Nowhere will you see a better study in contrast. The bags taking its own sweet time to get to where it ought to, unabashedly relaxed, clinically unrepentant, approaching arrogance ( I am the BOSS here, you better give me the VIP treatment), do not intrude on my hammock style existence…..On the other side, the owners: anxious, impatient, irritated, hopeful, worried, chaos personified.

The bags I tell you love drama (and some gymnastics as well). Every now and then they bring you to the edge as they salsa, spin and swirl but manage to stay on top of the carousel. That in the process they knock off a few socks from ankles and uncles is a different story. Really edge of the feat stuff!
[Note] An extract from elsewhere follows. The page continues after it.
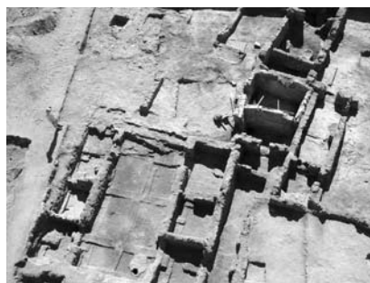
Archaeologists at the site of Hamoukar, Syria, investigate the origins of cities and warfare in ancient Mesopotamia
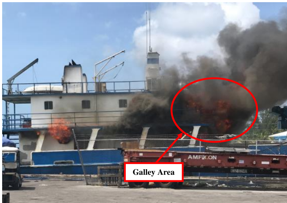
Figure 8: Fire location

As you take your monster off the carousel(with a little help from 8 people close to you , 4 of whom were standing on your toes unrepentantly), you just want the trolley to glide through the sea of humanity only to realize that this piece of convenience(supposedly) is a bit like me- it has no sense of direction. As you push North, it heads East. So much for where there’s a wheel, there’s a way! No wayAnd in any case, SPV (Special Purpose Vehicle) are meant to function only in Governments!

The area surrounding the carousel is actually a medical practitioner’s delight. The ideal place to easily diagnose the following including but not restricted to: Colour blindness, Slip disc, Parkinsons, Blood Pressure, Extreme Body Odour…is it blue or green? And the real owner sees red in the bargain. If you don’t mind, could you please help me offload my bag?(I travelled light this time)-it’s just 87 kgs( any more and she would have had to hire a cargo plane).

Do you think the carousel is an ideal candidate for acute nausea? Imagine going around in circles, hour after hour, day after day- 360 Degrees and the emergence of the Circular Economy is all very fine but doing it 365 days a year?? Where does it begin? And where does it end? Methinks it’s happy to be a spin doctor! Or should we call it an innocent victim of circum stance?

So the next time you travel, carry XS baggage(Armani, A R Mani, Mr Moneybags etc pl note). Xtra Small. Don’t break the carousel.Give the carousel a break…unless of course you want to see some Delsey, all at sea! Boss, it makes no sense Tumi!